We’ve talked a bunch about the Exchanges, or the place where you go to buy health insurance if you can’t, or choose not, to buy it from your employer. However, there are rules governing who is actually allowed to purchase insurance on these Exchanges. There are also guidelines for who can receive premium assistance, whose employer based insurance in unaffordable, and who is exempt from tax penalty if they don’t have insurance.

Most of these requirements were laid out in previous sections, but the next 6 sections, including this one, 1411, explicitly state that the Secretary of Health and Human Services has to come up with a program to assess the eligibility of people for these various items. So, yes, they said previously that you have to meet these requirements, and now they are saying that the government has to make sure they determine whether you meet these requirements. I suppose that is better than the alternatives – either saying you have to do something and then not caring if you do it, or worse, making requirements that you have no possible way to prove you meet. That last one sounds like something the Vogons would do.
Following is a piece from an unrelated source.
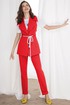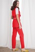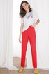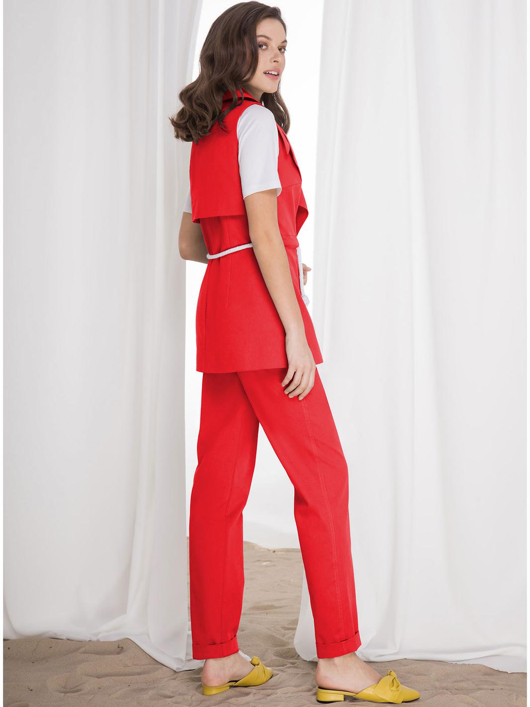 Жилет+брюки+майка. Только женщина способна укротить пиджак и позаимствовать его ради собственных модных интересов в том случае, если обрежет рукава. Безрукавные пиджаки либо жилеты в костюмном стиле - явный и устойчивый тренд современности. И мы предлагаем такой комплект, состоящий из жилета, майки и брюк. Жилет удлиненный, полуприлегающего силуэта, воротник пиджачного типа, на застежку - две потайные кнопки. По переду нагрудные и талевые вытачки, а также кулиса, переходящая на спинку и расположена выше линии талии, которая несет в себе, как декоративный элемент, так и для фиксации пояса. По спинке средний шов, талиевые вытачки, отлетная кокетка. Майка из трикотажного нежного полотна, с круглым вырезом горловины на притачной планке и втачным укороченным рукавом. На майке стильная дизайнерская печать. Брюки прямого фасона, немного заужены книзу. В боковых швах округлые функциональные карманы, застежка на молнию и петлю-пуговицу. На задней половинке брюк кокетка и талевая вытачка, выходящая из бокового шва. Брюки на притачном поясе. на уровне талии. Комплект можно носить как с поясом так и без него.

So the Secretary of HHS has to make this program. Then what? You have to give them information, name, date of birth, SSN, etc. If you are claiming a tax credit because your employer doesn’t provide minimum coverage, then you have to include a lot of details about your employment status, and the cost of the coverage, and the cost-sharing. I hope there is a form. I’m sure there will be a form. J

The thing you really need to understand about the PPACA is that is references a lot of other sections of the PPACA and many other laws. For instance, if you wanted to claim an exemption from having to hold insurance, which is allowed in section 1311, subpart d, subsubpart 4, subsubsubpart H, in order to be exempt from the tax penalty as laid out in section 5000A of the tax code, then section 1411 tells you how to do that.

Just as aside, this is the first mention of WHO might be eligible for such an exemption. These include religious exemptions, people who are members of health care sharing ministries (oh, you’ve never heard of those – well – are you in for a treat! See the footnote.), Indian, or eligible for a hardship exemption.

There are then pages, and pages, and pages about exactly how the Secretary can develop this system, what happens if there are problems, liability for false information, confidentiality of information….and so on for six pages. We’ll assume that the Secretary has read them too.

Remember – there are 5 more sections about eligibility. We’ll finish those out this week.

Footnote: A Health Care Sharing Ministry is a group of people who pay money into the system, and then when they need health care services, they receive money from the pool, after meeting some basic level of out-of-pocket expense. They are typically not-for-profit. They are faith-based, being predominately Christian, and usually expect their members to live a “Christian lifestyle”. The members have no guarantee of payment. But they aren’t health insurance. No siree-Bob. Even though Washington State shut one such organization down, for not registering as an insurer.